The OECD has recently estimated that an onslaught on competition - restraining regulations in each country to "best practice" levels would lead to an increase in GDP per head of 3 to 3˝ per cent in both the European Union and the USA. The United States may or may not be a corporate paradise, but it is certainly not a free market one, as any study of regulations imposed by the individual states will show. Of course reforms should be carried out whether they take Europe nearer or further away from the American model. But I doubt if removing product market restrictions and restrictions on inward investment would by themselves do much to reduce unemployment, which has its roots in the labour market.

It is not difficult to guess why governments always put labour market reform at the end of the "Lisbon" list instead of highlighting it. They hope that they can get away with some freeing of labour markets if they bury the objective in a great many wordy declarations on other subjects, such as knowledge based economies and sustainable growth. Even then there is no recognition of any relation between the cost of labour and the amount employed.

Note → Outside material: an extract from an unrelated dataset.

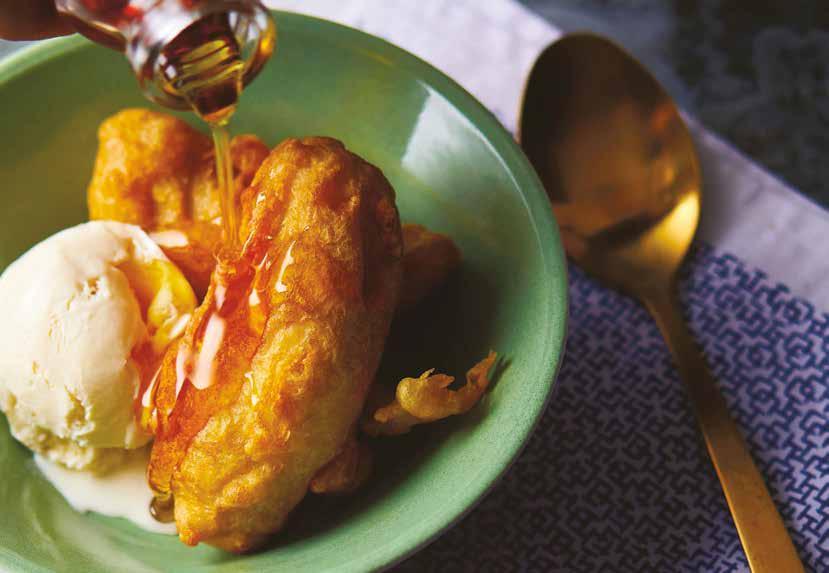 Sift the self-raising flour into a large bowl, add the bicarbonate of soda and the water and mix to form a smooth batter. Lightly dust the bananas in plain flour, then dip into the batter to coat and carefully drop into the oil.
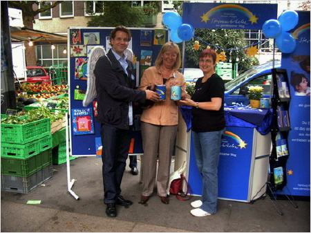 Die Übergabe war am St. Martinstag, d.h. also am 29. September und der Übergabeort war nicht grade ideal für so eine Aktion. Immerhin ist der Isemarkt einer der größten Wochenmärkte in Hamburg und entsprechend voll war es natürlich – nur die erhoffte Presse hatte schon vorzeitig ihre Zelte wieder abgebaut … na gut, dann haben wir selber ein paar Bilder gemacht – auch das eine schwierige Aktion wenn ständig jemand ins Bild läuft …

Even people who realise that labour costs are often too high still take refuge in wishful thinking. At one time it was fashionable to attack mainly high social security contributions. But if labour markets are reasonably flexible workers receive a lower wage rate than they would if payroll taxes were lower. Today there is another fashion, especially in Germany and France. That is to let hours of work creep upwards without fully compensating adjustments in pay. The true liberal answer is to give as much scope to differing worker preferences in deciding between reduced social security benefits, longer hours and reduced gross pay.

The main influence driving national governments to reform has been competition from the ten new EU states who enjoy much lower levels of pay and social protection. The pension problem associated with higher dependency rates will also begin to impinge on national policies. But exactly how or when it is difficult to say.

Bismarck once said that the future or Europe would be determined not by majority votes and parliamentary resolutions but by blood and iron. Today’s equivalent of blood and iron consists of the realities of low wage competition, both from new EU members and outside, and the growing transfer burden to the older population. EU institutions, along with independent think tanks, can help by impartial analysis employing as little Euro-speak as possible.

One important and constructive role which the trade unions can play in a new labour market is to represent more fully the preferences of individual workers. Instead of getting into head-to-head arguments about whether a 35 hour week, or some other length, should be the norm they should argue for personal choice. Individual workers should be able to choose their own packages of working hours or holidays versus take home pay, or security versus high earnings, or even pace of work against cash reward. These choices can vary between different enterprises and they do not even need to be the same in a single large enterprise. If they concentrated on this representational task there might at last be some common ground between trade unions and market liberals. But do not let us celebrate too soon. I am sure our discussions will show there is a long way to go.